BEGIN Exercise data

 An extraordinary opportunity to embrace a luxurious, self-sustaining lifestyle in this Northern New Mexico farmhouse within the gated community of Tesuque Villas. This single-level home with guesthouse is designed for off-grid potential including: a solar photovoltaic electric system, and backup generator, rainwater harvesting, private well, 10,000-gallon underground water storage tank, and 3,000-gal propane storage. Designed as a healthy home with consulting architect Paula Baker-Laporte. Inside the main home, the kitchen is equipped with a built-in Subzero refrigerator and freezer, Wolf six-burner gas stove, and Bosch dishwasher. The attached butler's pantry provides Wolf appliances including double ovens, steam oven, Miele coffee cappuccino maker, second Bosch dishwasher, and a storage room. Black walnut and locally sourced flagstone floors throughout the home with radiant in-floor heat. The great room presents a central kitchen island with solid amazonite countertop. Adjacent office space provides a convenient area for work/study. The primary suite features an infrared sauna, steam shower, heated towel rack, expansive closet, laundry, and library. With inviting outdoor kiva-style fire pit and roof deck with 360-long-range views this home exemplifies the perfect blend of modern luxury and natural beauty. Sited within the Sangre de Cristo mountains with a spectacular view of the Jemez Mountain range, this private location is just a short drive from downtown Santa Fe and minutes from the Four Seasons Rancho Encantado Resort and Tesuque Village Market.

END Exercise data
BEGIN Exercise data

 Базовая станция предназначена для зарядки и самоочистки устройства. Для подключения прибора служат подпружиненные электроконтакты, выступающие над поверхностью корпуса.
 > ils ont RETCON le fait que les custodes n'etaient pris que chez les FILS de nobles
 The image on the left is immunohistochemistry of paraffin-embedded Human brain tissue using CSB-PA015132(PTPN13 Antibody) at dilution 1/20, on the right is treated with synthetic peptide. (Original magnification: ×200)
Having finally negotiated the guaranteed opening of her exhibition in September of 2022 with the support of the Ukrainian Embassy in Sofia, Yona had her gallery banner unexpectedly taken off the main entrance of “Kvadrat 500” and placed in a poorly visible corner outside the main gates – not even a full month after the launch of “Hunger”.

END Exercise data

**Activity:** Would you please write out, exactly and with no other lines, the stretch of the listing above from the line containing "The image on" through the line containing "Having finally negotiated"?

**Result:**
 The image on the left is immunohistochemistry of paraffin-embedded Human brain tissue using CSB-PA015132(PTPN13 Antibody) at dilution 1/20, on the right is treated with synthetic peptide. (Original magnification: ×200)
Having finally negotiated the guaranteed opening of her exhibition in September of 2022 with the support of the Ukrainian Embassy in Sofia, Yona had her gallery banner unexpectedly taken off the main entrance of “Kvadrat 500” and placed in a poorly visible corner outside the main gates – not even a full month after the launch of “Hunger”.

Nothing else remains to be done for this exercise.